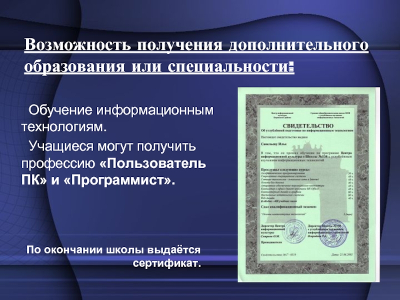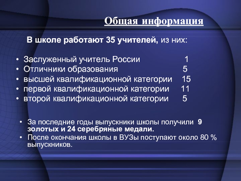 За последние годы выпускники школы получили 9 золотых и 24 серебряные медали.
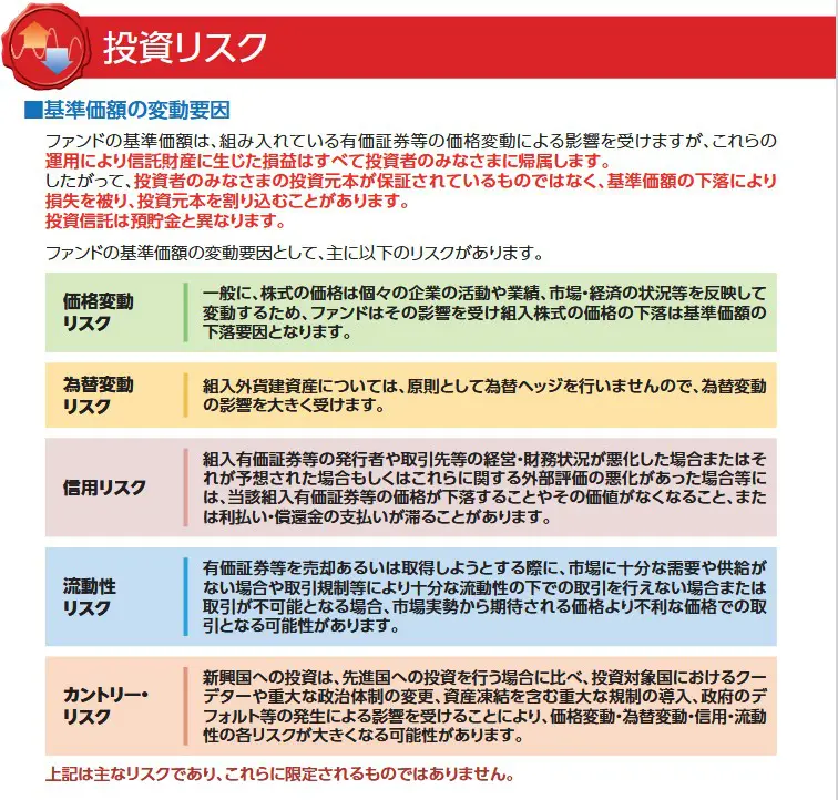 全世界株式インデックス投資信託の交付目論見書には、最初の方で「為替変動リスク」含むリスクを目立つように説明しています。
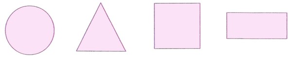 - Voici des formes d'objets qui nous entourent, j'indique le mot qui convient à chaque forme géométrique : Carré, rectangle, cercle, triangle.
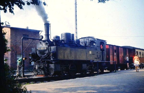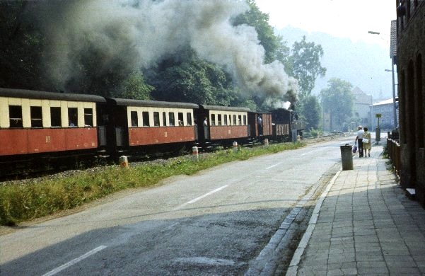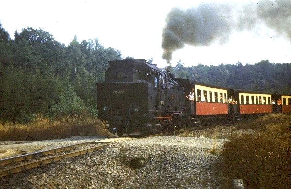 Lok 99 5902 steht im Sommer 1981 vor einem Personenzug in Gernrode. Foto: Klaus Gottschling Vergrößern 85,8 KB |
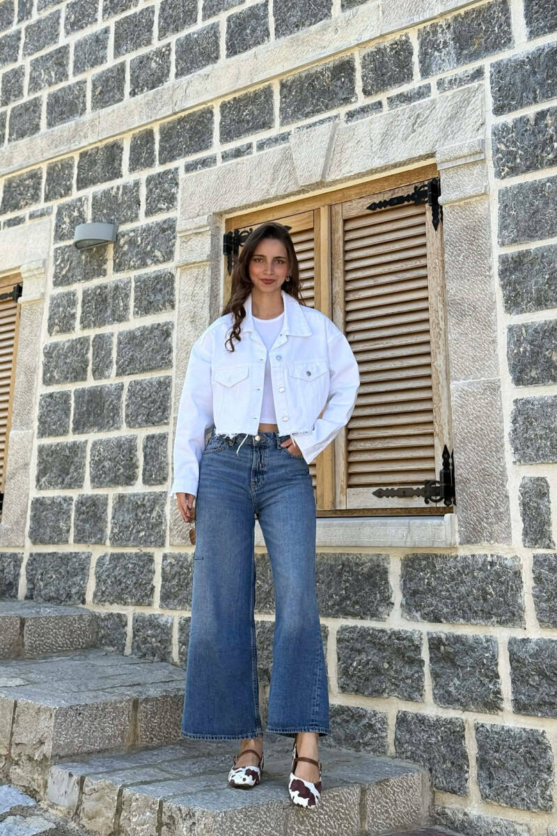 ONE COLOR CROPPED DENIM WOMEN JACKET WHITE-E BARDHE
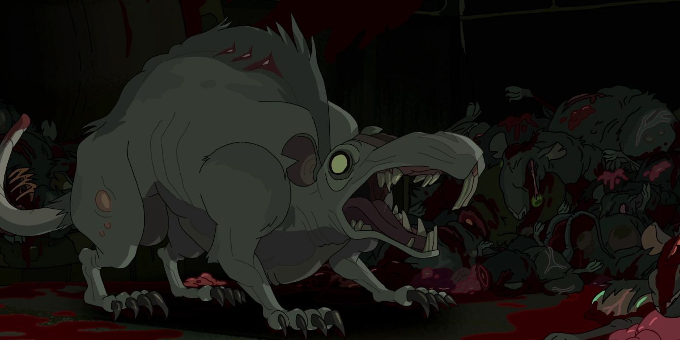 En cambio, los artistas resaltaron los aspectos horripilantes de las ratas. Extendieron sus espinas, agregaron protuberancias y forúnculos para que parecieran enfermizos, agregaron dientes más afilados y más grandes para hacerlos parecer más temibles, quitaron pelo de algunas manchas de su piel y les dirigieron una mirada vacía y sin pupilas. Fue una buena elección y el resultado es que Las ratas que Pickle Rick convierte en carne picada son todas de aspecto malvado.. Hace que su masacre en las alcantarillas sea mucho más aceptable.
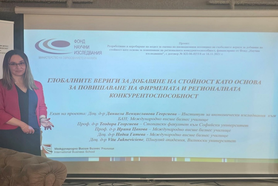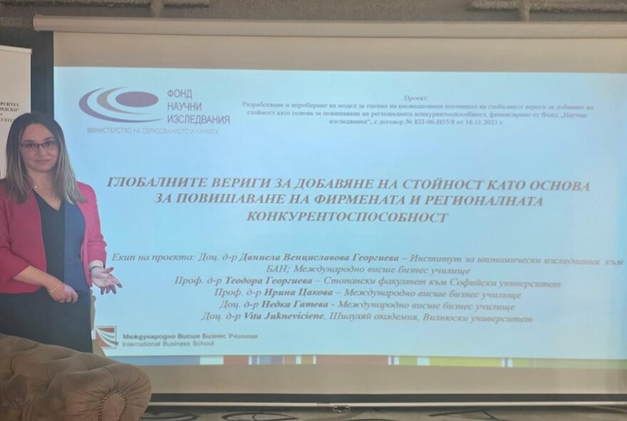 В рамките на Академия Иновации в агробизнеса – Готови за бъдещето, изследователи представиха резултати от Делфи проучване по проект „Разработване и апробиране на модел за оценка на иновационния потенциал на глобалните вериги за добавяне на стойност като основа за повишаване на регионалната конкурентоспособност“ с бенефициент Международно висше бизнес училище. Проектът е финансиран от Фонд научни изследвания с договор № КП-06-Н55/8 от 16.11.2021 г.

□ □ □ □ □

▶ WHAT YOU WILL DO
Each line from the one containing "全世界株式インデックス投資信" through the end of the listing is to be set down exactly, with all pictures left out.

▶ REPLY
 全世界株式インデックス投資信託の交付目論見書には、最初の方で「為替変動リスク」含むリスクを目立つように説明しています。
 - Voici des formes d'objets qui nous entourent, j'indique le mot qui convient à chaque forme géométrique : Carré, rectangle, cercle, triangle.
 Lok 99 5902 steht im Sommer 1981 vor einem Personenzug in Gernrode. Foto: Klaus Gottschling Vergrößern 85,8 KB |
 ONE COLOR CROPPED DENIM WOMEN JACKET WHITE-E BARDHE
 En cambio, los artistas resaltaron los aspectos horripilantes de las ratas. Extendieron sus espinas, agregaron protuberancias y forúnculos para que parecieran enfermizos, agregaron dientes más afilados y más grandes para hacerlos parecer más temibles, quitaron pelo de algunas manchas de su piel y les dirigieron una mirada vacía y sin pupilas. Fue una buena elección y el resultado es que Las ratas que Pickle Rick convierte en carne picada son todas de aspecto malvado.. Hace que su masacre en las alcantarillas sea mucho más aceptable.
 В рамките на Академия Иновации в агробизнеса – Готови за бъдещето, изследователи представиха резултати от Делфи проучване по проект „Разработване и апробиране на модел за оценка на иновационния потенциал на глобалните вериги за добавяне на стойност като основа за повишаване на регионалната конкурентоспособност“ с бенефициент Международно висше бизнес училище. Проектът е финансиран от Фонд научни изследвания с договор № КП-06-Н55/8 от 16.11.2021 г.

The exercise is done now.